• WHAT YOU ARE ASKED TO DO: Set down exactly the lines that run from the one containing "Office for Mac" to the end of the material below, both included, without pictures.

• RECORDED INFORMATION:
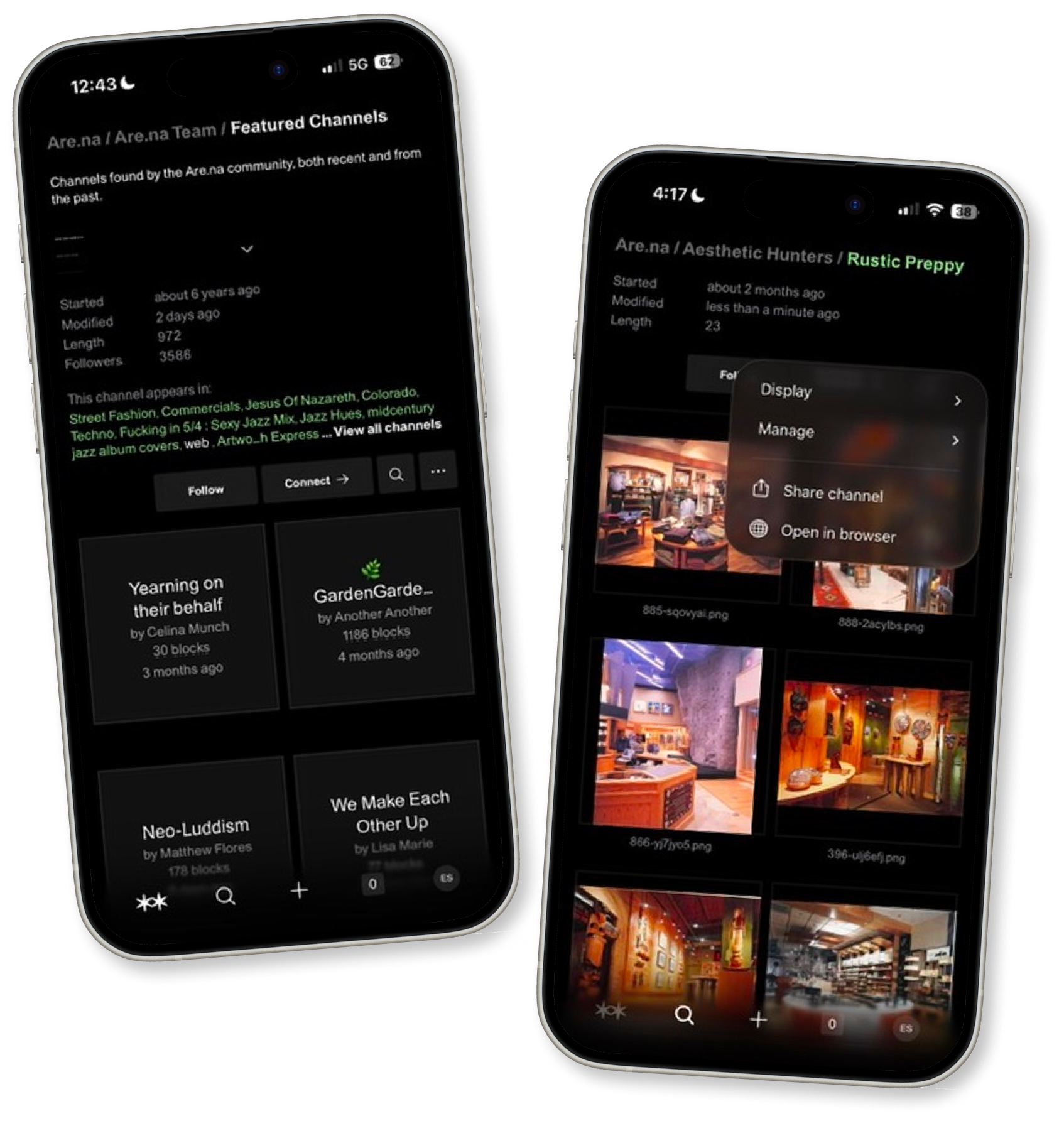 Maya is a 26-year-old graduate student in landscape architecture. She spends hours each week gathering references like images of gardens, botanical drawings, essays on ecological urbanism, and mood board material for studio projects. She’s tried Pinterest, but the algorithm keeps surfacing sponsored content and shopping posts that contaminate her research. A classmate recommends Are.na. Within minutes of signing up, Maya is hooked. The interface feels like a blank notebook rather than a social media feed. She begins building a channel called GardenGardenGarden — a growing archive of garden aesthetics, botanical photography, and writings on guarding nature.
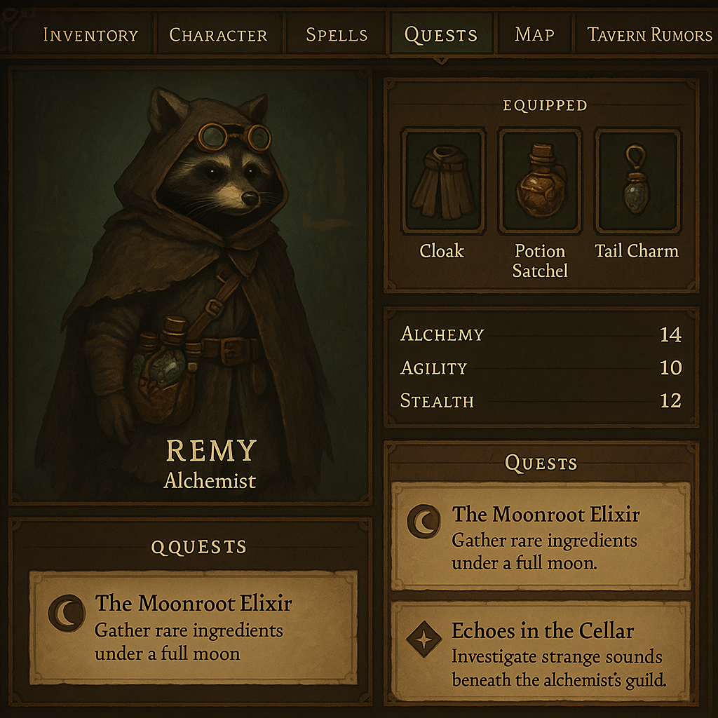 Сцена: вигаданий світ Whiskerbound Realms, де головний герой — єнот-алхімік на ім’я Ремі. На ньому — потертий плащ, окуляри та фляга із зіллям. Я попросила змоделювати внутрішнє меню гри: вкладки, спорядження, характеристики й квести. Результат — повноцінний інтерфейс RPG-гри з деталями на рівні: “Potion Satchel”, “Tail Charm”, активні місії з назвами “The Moonroot Elixir” та “Echoes in the Cellar”.
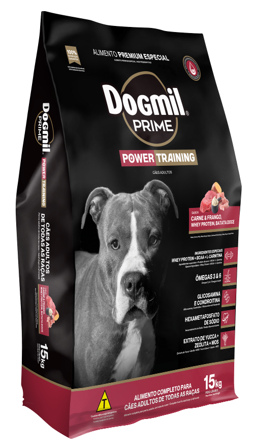Dogmil Prime® POWER TRAINING Cães Adultos é especialmente indicado para cães com níveis moderados a intensos de atividade física e/ou treinamento. Com ingredientes especiais que proporcionam maior disponibilidade e reposição de Energia, e componentes que aceleram a síntese protéica e a recuperação após o exercício.
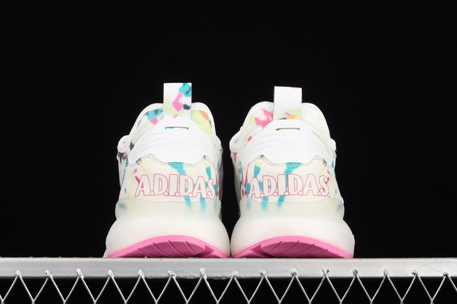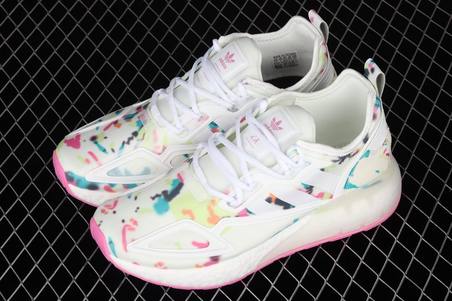 The adidas ZX 2K Boost Big Kid ‘Watercolor’ showcases multicolor graphics on a running-inspired shoe that continues the legacy of the brand’s iconic ZX franchise. The white textile upper is made with adidas Primegreen, meaning that 50% of the materials comprise recycled content. ‘A.D.I.D.A.S.’ is inscribed in block letters on the back heel, while the sockliner is decorated with a graphic that reads ‘All Day I Dream About Summer.’ Responsive cushioning arrives via a partially caged Boost midsole. Underfoot, a rubber outsole in Screaming Pink offers durable traction.
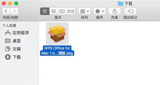 1、从本站下载完软件资源包之后,将其解压出来,您将会得到一个名为“WPS Office for Mac 1.0.0 133 内测版.pkg”的可运行程序文件,我们双击将它打开运行
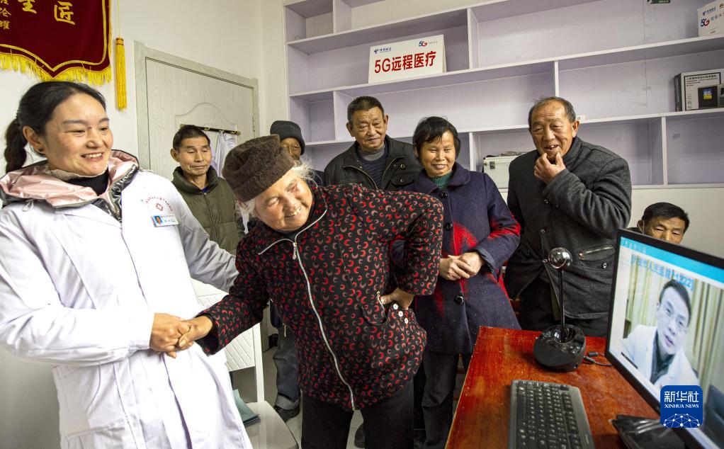 安徽省金寨县大湾村村民方临芳(前左二)指着自己身体疼痛的部位,在村医袁玲(左一)的帮助下向5G远程医疗会诊的专家讲述病情(2020年12月3日摄)。新华社发(陈力 摄)
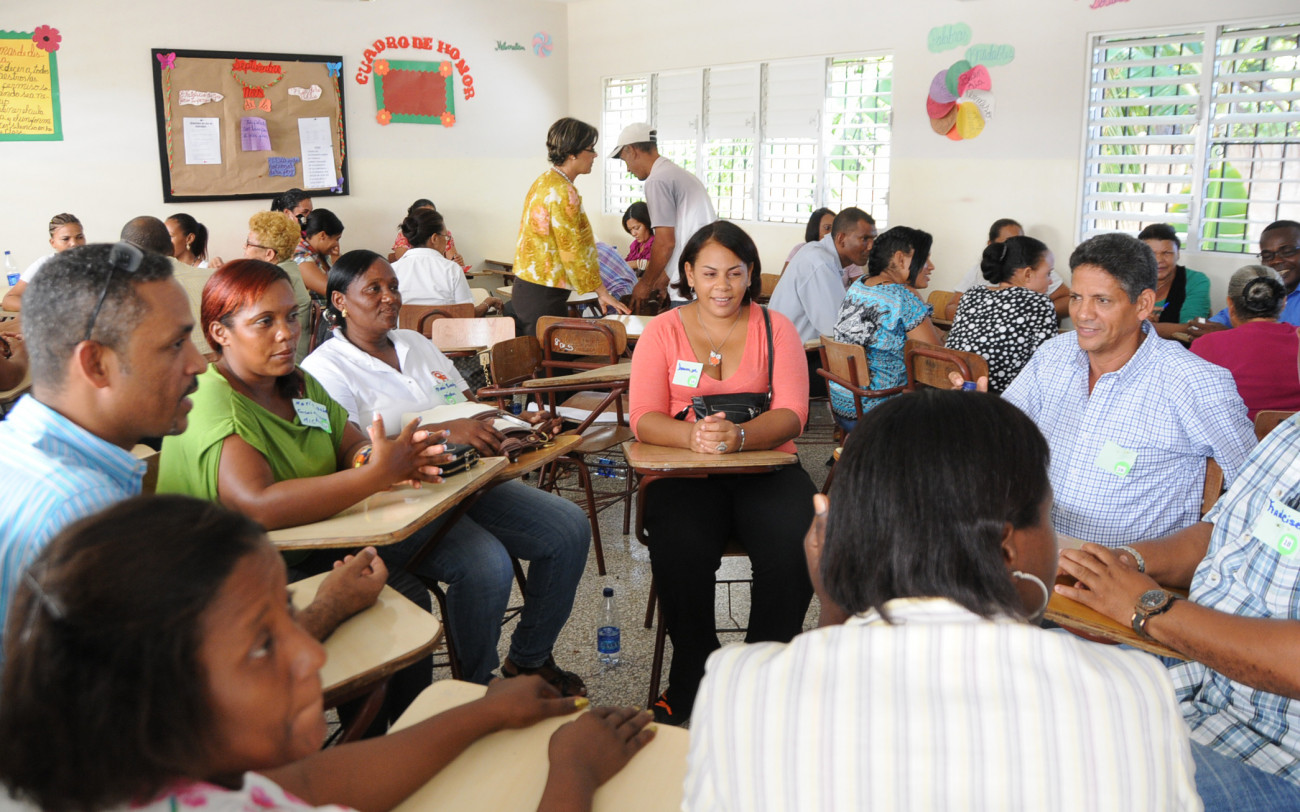 Instructores y comunitarios presentes en las consultas del Pacto Nacional por la Reforma Educativa, efectuadas en el Centro Educativo Juan Arturo Bermúdez, en San Pedro de Macorís.
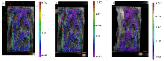 Figure 5 shows the Digital Image Correlation (DIC) analysis of the homogeneous sample. Initially, as the load is applied, strain is evenly distributed throughout the entire structure. However, as the load continues to increase, the highest strain becomes evident at the junction of the struts, as depicted in Figure 5b. It is from this point that structural failure starts, as illustrated in Figure 5c.
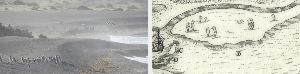 A pinguinera de Punta Tumbo e excerto do mapa do Estreito de Magalhães elaborado por Schouten y Le Maire en 1616, que representa pinguins numa ilha da baía de San Julian.

• SOLUTION:
 1、从本站下载完软件资源包之后,将其解压出来,您将会得到一个名为“WPS Office for Mac 1.0.0 133 内测版.pkg”的可运行程序文件,我们双击将它打开运行
 安徽省金寨县大湾村村民方临芳(前左二)指着自己身体疼痛的部位,在村医袁玲(左一)的帮助下向5G远程医疗会诊的专家讲述病情(2020年12月3日摄)。新华社发(陈力 摄)
 Instructores y comunitarios presentes en las consultas del Pacto Nacional por la Reforma Educativa, efectuadas en el Centro Educativo Juan Arturo Bermúdez, en San Pedro de Macorís.
 Figure 5 shows the Digital Image Correlation (DIC) analysis of the homogeneous sample. Initially, as the load is applied, strain is evenly distributed throughout the entire structure. However, as the load continues to increase, the highest strain becomes evident at the junction of the struts, as depicted in Figure 5b. It is from this point that structural failure starts, as illustrated in Figure 5c.
 A pinguinera de Punta Tumbo e excerto do mapa do Estreito de Magalhães elaborado por Schouten y Le Maire en 1616, que representa pinguins numa ilha da baía de San Julian.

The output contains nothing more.